The two outputs are: centroid, which is a 2-d array where each row represents the center of a cluster, and lab, which is a 1-d array where each entry is an index telling us which cluster each data point belongs to. We could use the lab indices to color our data points and plot the clustering result. (Note that the clusters are randomly ordered by k-means. We can reorder them to match the “true labels” we saw above.)

colormap = []
for cent in centroid:
    med = np.argmin(np.sum((projected - cent)**2, axis=1))   # find a point close to each center
    colormap.append(indices[med])    # find the true label for that point and use its index for the cluster
newindices = np.asarray(colormap)[lab]    # convert to new indices for all points
newcolors = np.asarray(cycle)[newindices]    # reorder labels
plt.figure(figsize=(6,6))
plt.scatter(projected[:,0], projected[:,2], s=3, c=newcolors)
plt.xlabel('PC1')
plt.ylabel('PC3')
plt.show()
../../_images/cancer_41_0.png

We see that the colors match very well with the clusters. You may notice some points that seem to wander into another cluster — that is because we are only plotting two dimensions, and the points that look overlapping may very well be separated in some other dimensions. Try plotting some other principal components yourself.

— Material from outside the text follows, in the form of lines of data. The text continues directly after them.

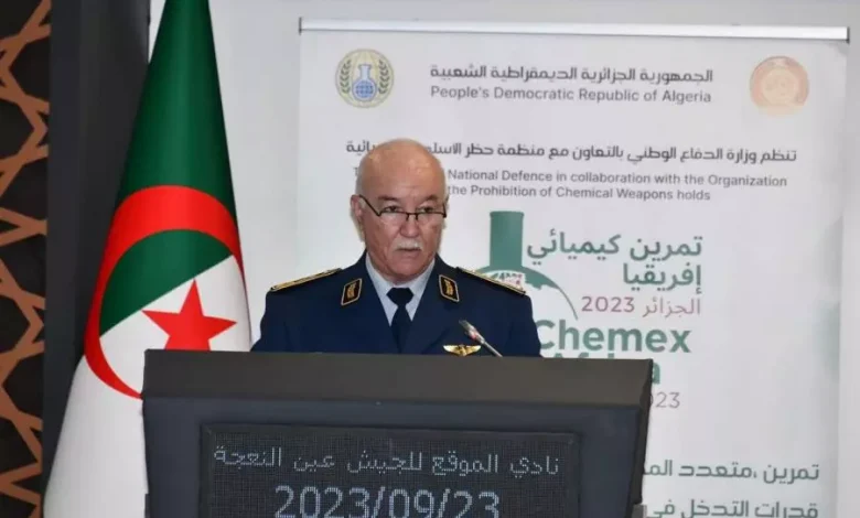 « Monsieur le secrétaire général du ministère de la Défense nationale(MDN), le général-major Mohamed Salah Benbicha, a supervisé ce samedi 23 septembre au niveau du Cercle de Garnison de l’Armée nationale populaire d’Aïn Naâdja, Alger/1e RM, la cérémonie d’ouverture de l’exercice, à composantes multiples, de renforcement des capacités d’intervention en cas d’urgence chimique, intitulé « Chemex Afrique », destiné aux représentants des Etats-Parties à la Convention sur l’Interdiction des Armes chimiques (CIAC) de la région d’Afrique », a souligné la même source.
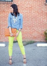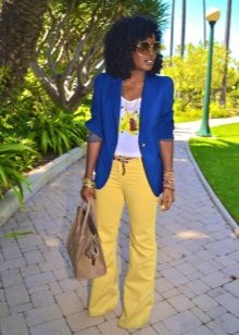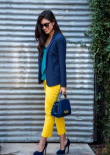 In the summer, with yellow pants will look beautiful shirt without a collar in white in a classic style, and on top of an elegant jacket in turquoise. Under this outfit fit shoes or ankle boots of dark green color.
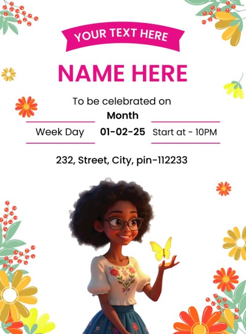 floral birthday invitation creative birthday invitation party invitation birthday template birthday background birthday party floral template birthday floral template floral invitation elegant invitation birthday celebration birthday frame anniversary invitation birthday gift flowers vector flowers fun decoration greeting card birthday card birthday backgroundSimilar Photos
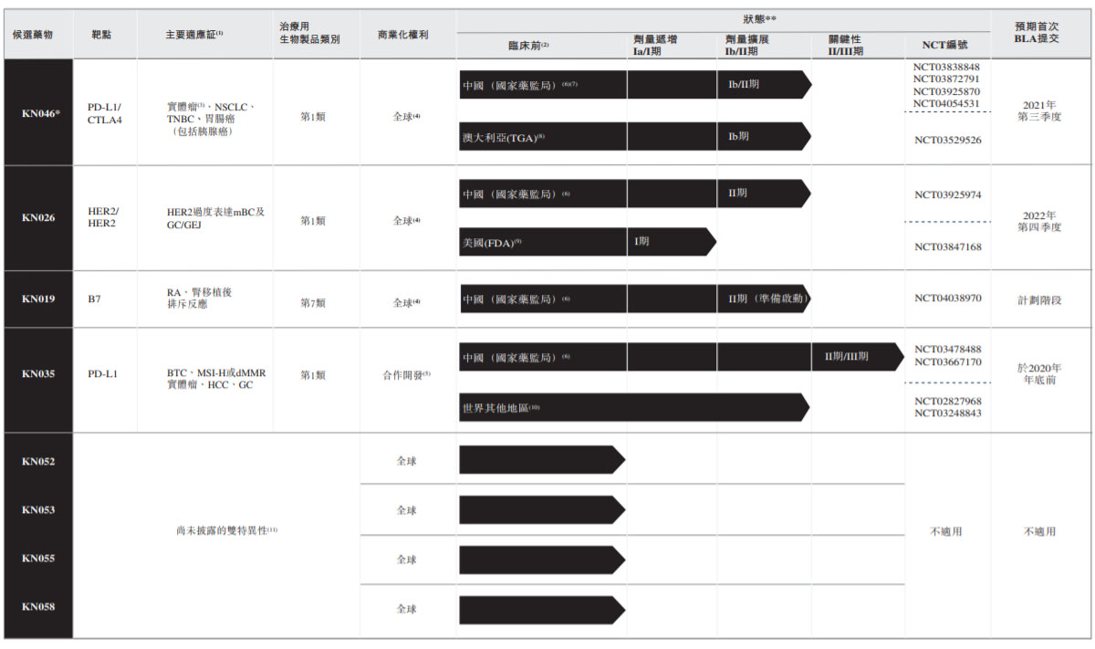 其中,双特异性抗体KN046是PD-L1/CTLA-4是针对目前仅有的两个经临床验证的肿瘤免疫靶点而设计的双特异性抗体,该产品可以同时阻断PD-L1和CTLA-4两种途径,在肿瘤免疫部分具有协同作用;HER2双特异性抗体KN026是该公司采用具有自主知识产权的Fc异二聚体平台技术(CRIB)开发的HER2双特异性抗体,识别HER2上的两个不同表位,公司计划于2020年上半年完成HER2高表达乳腺癌及胃癌/胃食管结合部癌的Ⅰb期试验;重组人CTLA-4抗体KN019是一款重组人CTLA-4变体Fc融合蛋白注射液,作用于CD80/CD86阻止T细胞的激活,用于预防接受肾移植的成年患者器官排异反应,其优越疗效已在临床试验的长期跟踪研究中得到充分证实;KN035则是目前全球首个进入临床开发的PD-L1单域抗体,具有可皮下注射,常温下稳定等优点,从而提高病人用药依从性,具有显著优势。
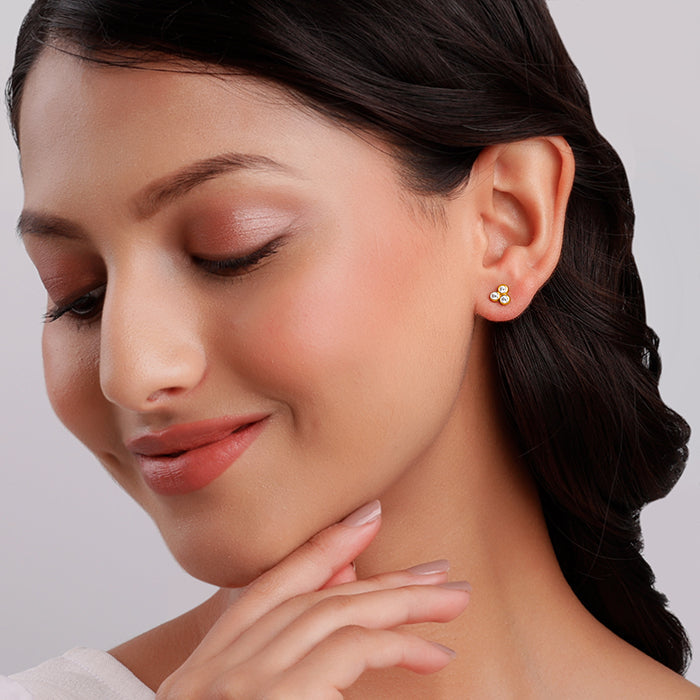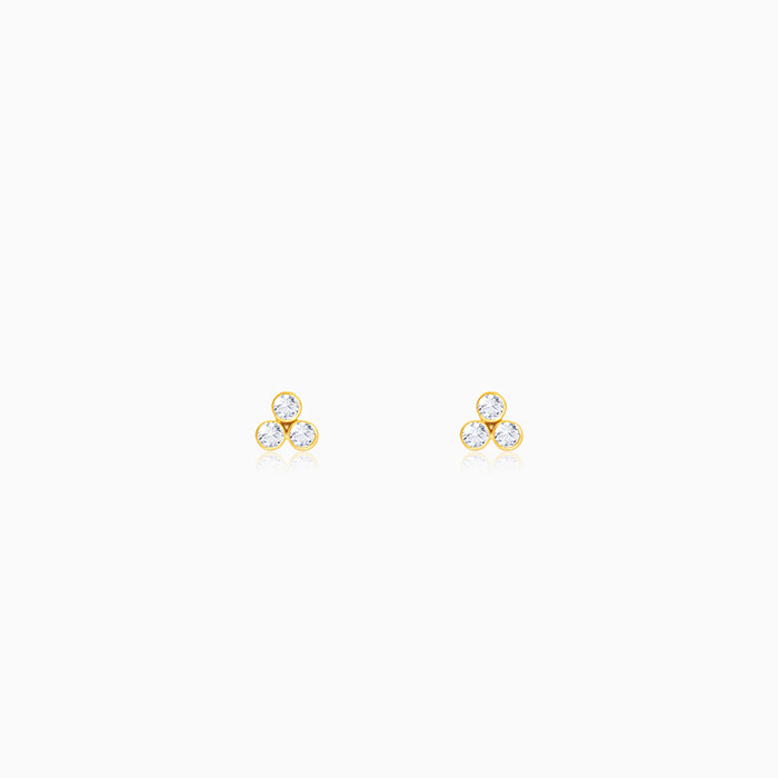 Golden Three-Stoned Stud Earrings

Finally, let us see how well we have clustered the data compared to the true labels. Let us highlight the points that are wrongly labeled.

wrong = (newindices != indices)

plt.figure(figsize=(6,6))
plt.scatter(projected[:,0], projected[:,2], s=3, c=newcolors)
plt.scatter(projected[wrong,0], projected[wrong,2], s=100, c='k', marker='X')
plt.xlabel('PC1')
plt.ylabel('PC3')
plt.show()
../../_images/cancer_44_0.png

It turns out that we only made 4 mistakes out of 801 data points. Also, it can be seen that the wrongly labeled data points lie near the boundary of the clusters, which makes the mistakes quite understandable.